Monday, November 12, 2018


Examples

                After retiring, I wondered what it was I was supposed to be doing.  When I was teaching, it seemed like I was contributing something small but tangible to the struggle for a better world.  Absent that, it was unclear to me what I could contribute.  I like the freedom of reading and thinking what I want instead of having other people dictate what I have to respond to.  I like spending more time talking and hanging out with the people I choose to instead having to interact with people I really didn’t care much about.  I liked being retired, but I still wondered what I should be doing. 
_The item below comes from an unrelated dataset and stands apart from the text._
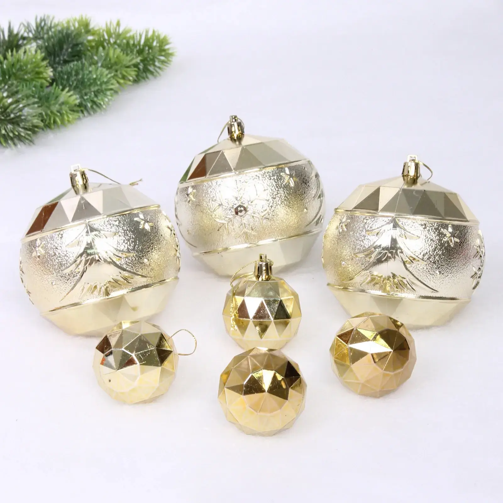 Набор состоит из 15 шаров, включая 8 крупных шаров диаметром 10 см и 7 мелких шаров диаметром 5 см. Шары выполнены из прочного пластика, что обеспечивает их долговечность и устойчивость к повреждениям. Они легко подвешиваются благодаря верхним петлям, что делает процесс декорирования простым и приятным. Этот набор идеально подходит для семейных праздников, корпоративов и других торжеств.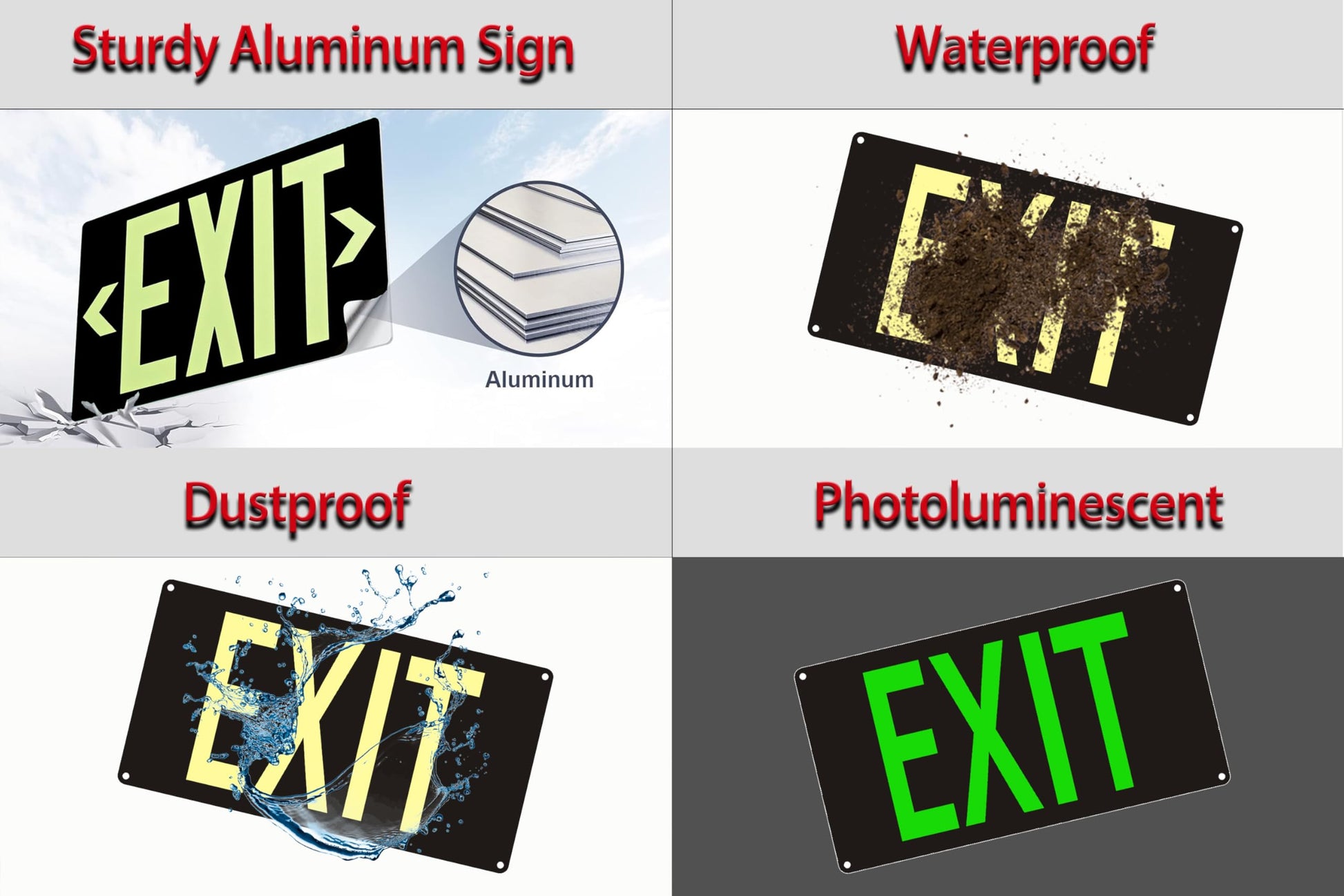 - ✔【Free Maintenance & Wide Applications】 Not require electrical wiring or battery backup. The photoluminesent exit sign both for indoor and outdoor use, also meet your safety needs from offices, schools, hospitals, churches, banks and public buildings. It is great for waterproof, heat and cold resistance.

                Working my way through the idea of deep epistemology has helped me reframe that question somewhat.  I no longer think of it as what I should do, but how I should be.  At this point, it seems to me that like older men in some Buddhist traditions, my true goal is to work on myself, not for any reward or external affirmation, but because the benefit of age is reflection.  In my working life, my mental reflexes were too amped up to be truly reflective.  Like most men growing up in this culture, I was set on solving problems and doing battle with those who opposed the way I saw the world.  There was never a shortage of either of those provocations.  I judged my contributions to the situation by winning and exerting control.  I suppose that is what youth demands – or at least my youth demanded it.  I tried not to be a complete jerk, and, in my telling of it, at least, my battles were mostly trying to speak truth to power and injustice.  Power and injustice always seemed to win.
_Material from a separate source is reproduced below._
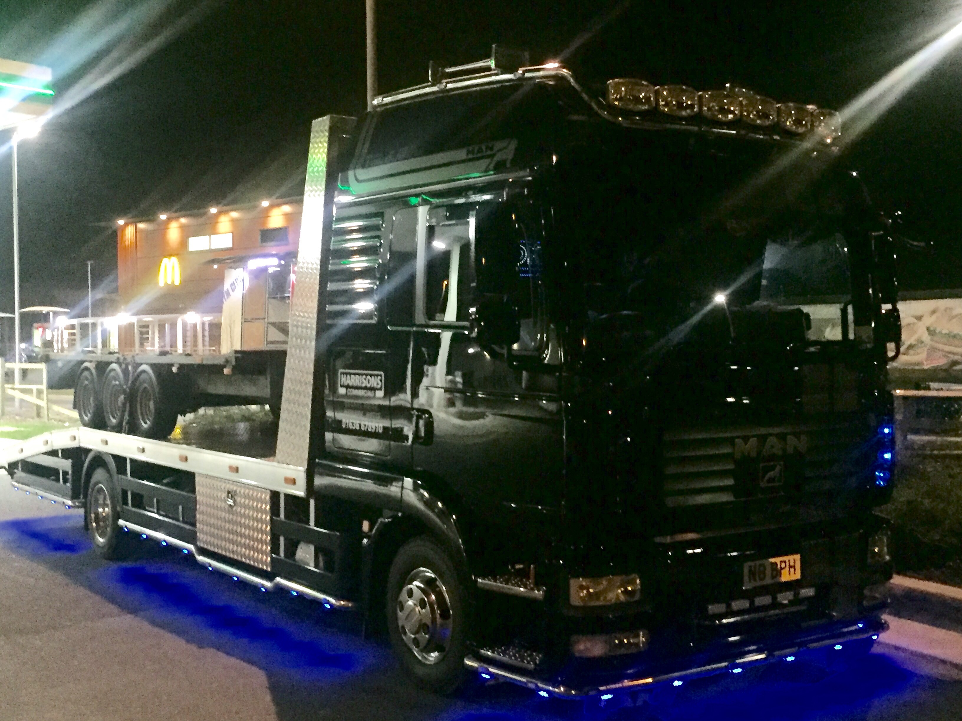 Can’t beat a little truck with a big cab! I’ve long been a fan of a Space cabbed 7.5 – 12 tonner, whether it’s an Atego, a DAF or the delightful MAN TGL. Having run both a MAN and a Mercedes myself, it’s very difficult to pick a winner between the two, they are both great trucks and full of big truck feel. The likes of DAF don’t do their own big cab but the Hatcher Components conversion is very good but isn’t factory finish and then there’s the Iveco. Anyway back to the little truck in the photo, you’ve probably seen it at one of many Truck Shows last year where owner Brian Hill picked up more than a couple of decent trophies including a number of 1sts. I’ve been trying to get to see the truck for a wee while now and of course meet Brian. The truck is used by Harrison Commercials to collect and deliver vans to and from auction houses and the like and their Newark base.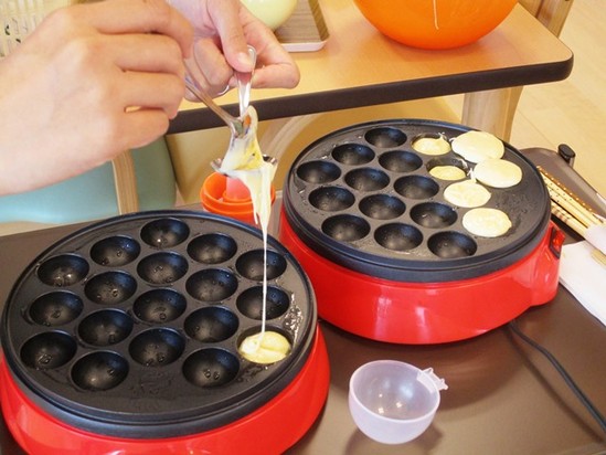 トッピングにはフルーツや生クリームにあんこを用意して、焼きあがった

                From the perspective of retirement and deep epistemology, I see things differently.  I can be calmer now than I was before.  I still care as deeply about the outcomes, but they aren’t really my outcomes anymore.  Accepting my age means accepting a different role.  I think people who still want to direct things in their 70’s and 80’s are missing the point, not because they don’t “get it,” but because they are wasting their hard earned perspective on moment to moment chaos.  (Of course, it helps that nobody really cares what I think anymore).  Reflection is so lacking in this culture, where the pressure is to act and react instantly.  The way I see it now, our job – or at least my job – is to be an example of virtuous and mindful action.  I want to set aside being clever and aggressive for the opportunity to learn how to be an example of the things I always said I believed in.
                In cultures that have some sense of filial piety, they value age for the perspective, perhaps even the wisdom, it brings.  At the very least, we should be in a position to reflect on what we’ve seen and done instead of just reacting to the next stimulus in an endless stream of new stimuli.  One of the cultural consequences of deracinated and disembodied consciousness is that we lose our sense of mortality – not in some mawkish or fatalistic sense, but as the grounds of our being in the world.  Time is only meaningful to living things.  The gift that time bestows on us is to see what is important and what isn’t.  It is important that we reconnect to our bodies and the rest of the living universe. 
                I don’t plan on being a good example all the time, nor do I expect to overcome my rash and impulsive nature.  Cut in front of me in line and I’ll give you a demonstration.  But I can be an example of becoming to those who care or want to notice.  I can’t open a web site to market it or make money off it, but I can make this phase of my life richer.  Maybe I can help as part of a larger conversation about how we reimagine democracy and virtue.  I can at least listen and wait for a pause in the action for a chance to share what I know.  If that doesn’t happen, I can wait some more.  When I was a kid, I wanted to be a wizard.  That ain’t happening, but the disguise of wizards is often playing the role of an old fool. I’ve got that one down.